# Need help finding a backpack



## sagittariansrock (Jun 6, 2014)

Hi all
I am looking for a backpack with the features below:
1. About 24-30 liters capacity. Vertically deep enough to hold the 135L/pro body.
2. Will be quite ergonomic- a rigid frame will be great.
3. Primary use will be carrying through airports on my back- doesn't need to hold non-photographic stuff, easy access not a necessity (I shall be buying a Lowepro transit for that).
4. Laptop sleeve will be big enough for 15" MBP and will be towards my back.
5. Tripod holder of some sort if I need to carry it.
6. As low a profile as possible. 
7. <$ 200 will be great.

The backpacks I have looked at are Thinktank Streetwalker HD and Tenba Shootout 24L, but I have no personal experience with either brand. Any input on those as well as other suggestions will be very helpful.


----------



## lintoni (Jun 6, 2014)

I have a Tamrac Adventure 10, which doesn't scream "camera gear, try and steal me!". It will take your laptop with ease, it should take your body with lens attached, but I'm not sure you're looking for a 3 compartment bag? Camera stuff at bottom/other junk on top/laptop against your back. I *believe* that it would just pass as carry-on luggage, but haven't tried myself. Tripod carrying isn't its greatest strength - you're meant to buy a couple of straps to attach to the bottom to hold the tripod. I fin it better to use one of the mesh drinks pockets and use the straps to hol the tripod to the side of the rucksack. 
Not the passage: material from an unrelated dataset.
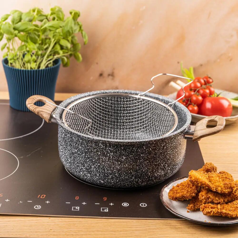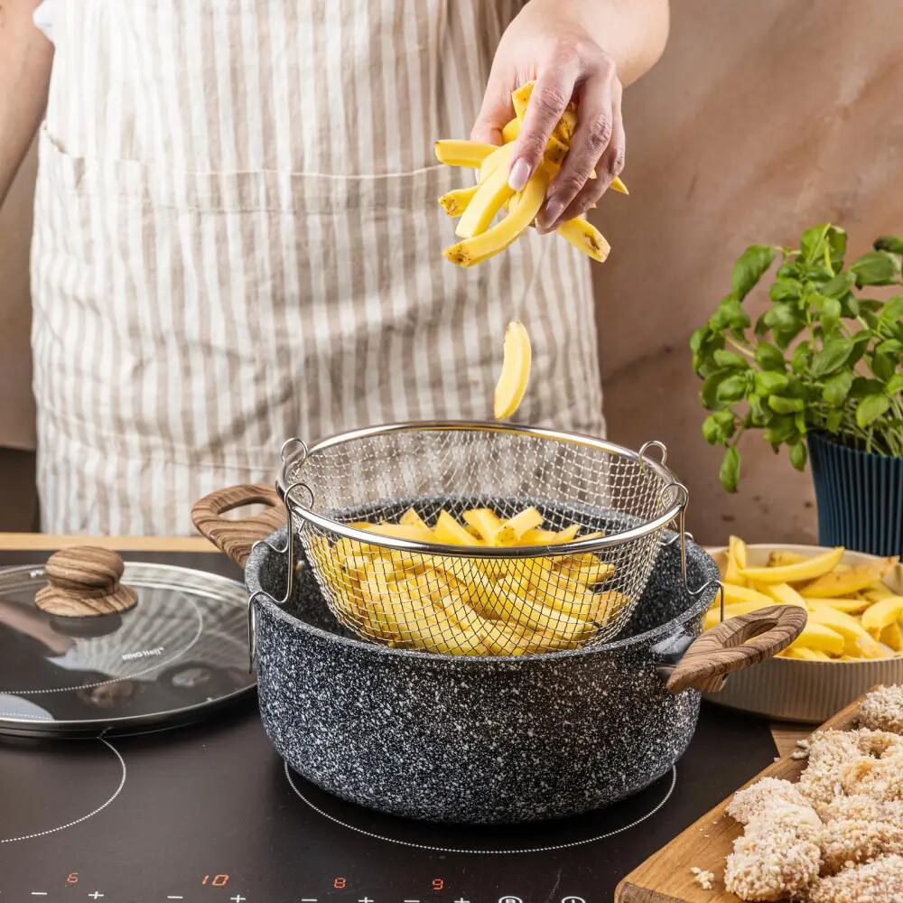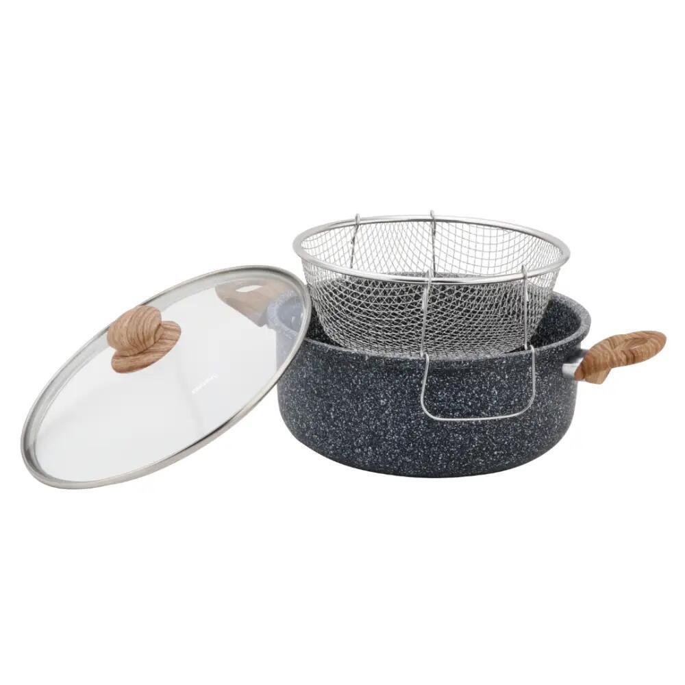 Datorită coșului din oțel inoxidabil, capacului de sticlă cu orificiu de ventilație și stratului antiaderent marmorat, este perfectă pentru mâncăruri la wok, carne, tăiței sau preparate asiatice.

I wouldn't have mentioned the Tamrac, but nobody else has replied!


----------



## sagittariansrock (Jun 6, 2014)

lintoni said:


> I have a Tamrac Adventure 10, which doesn't scream "camera gear, try and steal me!". It will take your laptop with ease, it should take your body with lens attached, but I'm not sure you're looking for a 3 compartment bag? Camera stuff at bottom/other junk on top/laptop against your back. I *believe* that it would just pass as carry-on luggage, but haven't tried myself. Tripod carrying isn't its greatest strength - you're meant to buy a couple of straps to attach to the bottom to hold the tripod. I fin it better to use one of the mesh drinks pockets and use the straps to hol the tripod to the side of the rucksack.
> 
> I wouldn't have mentioned the Tamrac, but nobody else has replied!



Yeah, I am a little surprised by the lack of responses yet, but hopefully people will comment over the weekend. But definitely appreciate your mentioning Tamrac- I shall look into the backpack. At this point I am looking at all options.


----------



## SloPhoto (Jun 6, 2014)

This is my weapon of choice ... 

Comfy for the long haul, well padded, laptop space and some good supports for tripod (on both sides). Get it from REI and you can get at least 10% back as dividend ... or catch a good sale. Plus - return it if you don't like it.

http://www.rei.com/product/860242/mountainsmith-borealis-camera-pack


----------



## Synkka (Jun 6, 2014)

I have the streetwalker harddrive it's a great bag, very comfortable and easy to customise the layout. I have done a few international trips with it and never had issues with it on planes. Build quality is excellent and ergonomics are very good too.
I have no experience with the tenba, but the thinktank is a great bag.


----------



## eml58 (Jun 7, 2014)

I could probably review about 15 different Backpacks I've owned & tried, but perhaps just get straight to the best all round backpacks I've owned & continued to use.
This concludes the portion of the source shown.